3.4. Exploration of the Relationship Between Temperature Factors and Energy Consumption Intensity
The previous section found that climate factors did indeed affect the energy consumption intensity of public institutions. To further investigate the impact of temperature on energy consumption intensity, the monthly AHT, monthly ALT, and PCEC were combined for research. Because the previous conclusion indicated that the monthly changes in PCEC were more regular than those in ECPUA, usually air conditioning was affected by external temperature in two directions. When the temperature was too high, the air conditioner heated up. When the temperature was too low, the air conditioner cooled down. Both directions were reasons for the increase in energy consumption. Therefore, this section divided AHT and ALT into two directions: a high temperature zone and a low temperature zone. AHT with a temperature above 22 °C was defined as the high temperature zone, while AHT with a temperature below 22 °C was defined as the low temperature zone. For ALT, a temperature above 15 °C was defined as the high temperature zone, while a temperature below 15 °C was defined as the low temperature zone. Temperatures of 22 °C and 15 °C were the arithmetic means.
Figure 11 and
Figures S1–S3 show the relationship between temperature distribution and PCEC under four different scenarios. Overall, there was a clear positive correlation between the high temperature zone temperatures and PCEC in MI and AI. And there was a clear negative correlation between their low temperature zone temperatures and PCEC. For EI, there was no significant correlation, which was also due to their winter and summer vacations. And the air conditioning equipment and opening hours of EI were usually not as frequent as the other two types of institutions. For MI and AI, the correlation slope between temperature in the high temperature zone and PCEC was greater. This phenomenon primarily stems from fundamental differences in the physics and operational patterns of cooling versus heating systems in buildings. Firstly, the efficiency of electrically driven cooling systems degrades sharply as ambient temperature rises. When outdoor temperatures exceed 35 °C, heat rejection becomes difficult, forcing the compressor to work significantly harder to maintain the indoor setpoint, leading to a super-linear increase in electricity consumption. In contrast, the efficiency of common heating systems (e.g., gas boilers) is less affected by low outdoor temperatures, resulting in a more linear energy increase. Secondly, MI and AI institutions generate substantial internal heat from occupants, lighting, office equipment, and particularly in MIs, medical devices. During high temperatures, this internal heat adds to the external heat gain, collectively burdening the cooling system and causing a sharp energy rise. Conversely, during low temperatures, these internal sources offset a portion of the building’s heat loss, mitigating the heating load and flattening the energy-increase curve. Finally, especially for MIs, critical areas like operating rooms and laboratories require strict, year-round temperature control. The significant heat emitted by medical equipment creates a substantial base cooling load even in mild weather. During extreme heat events, this base load combines with the additional cooling demand, amplifying the sensitivity of energy consumption to high temperatures.

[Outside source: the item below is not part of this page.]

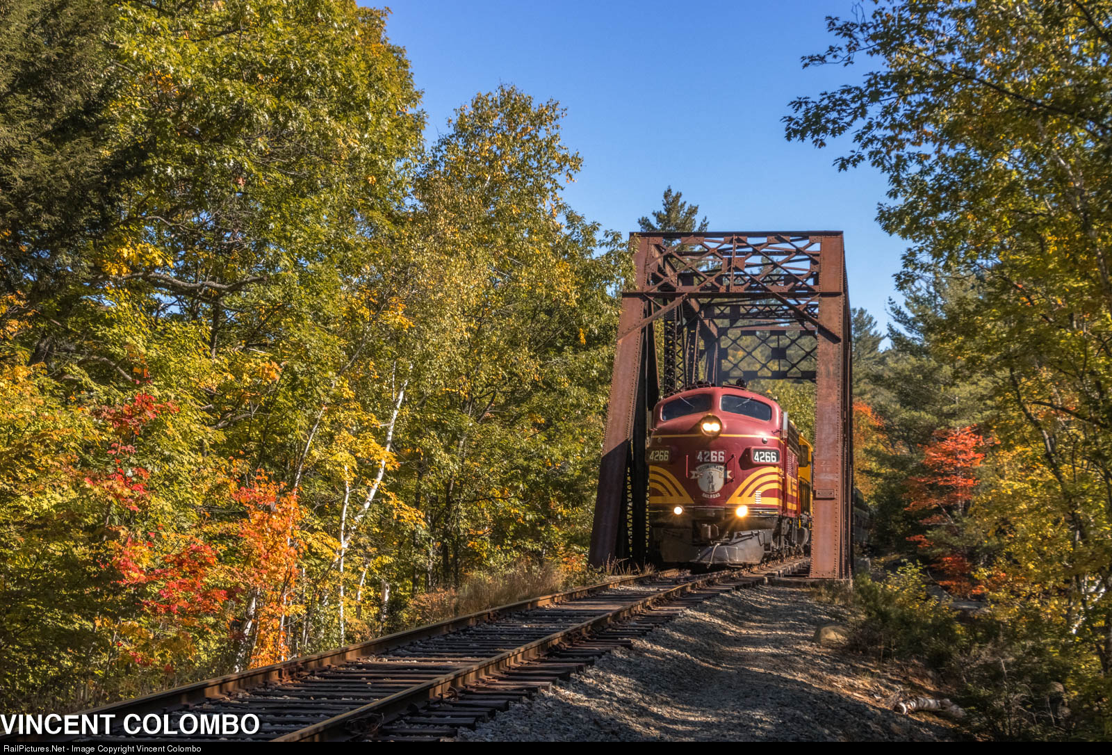 Ex- Boston and Maine 4266 crosses Second Iron and the Saco River in Bartlett with the Notch Train.

Their linear formulas are y = 1.537x + 16.529 and y = 1.296x − 7.140. The slopes all exceed 1. Furthermore, from the intercept, it can be seen that at the same temperature, the PCEC of MI was higher. This is consistent with the previous conclusion. In addition, the slope of the linear relationship between their low temperature zone temperature and PCEC is higher than −1. This indicates that the impact of extreme heat on PCEC was greater than that of extreme cold.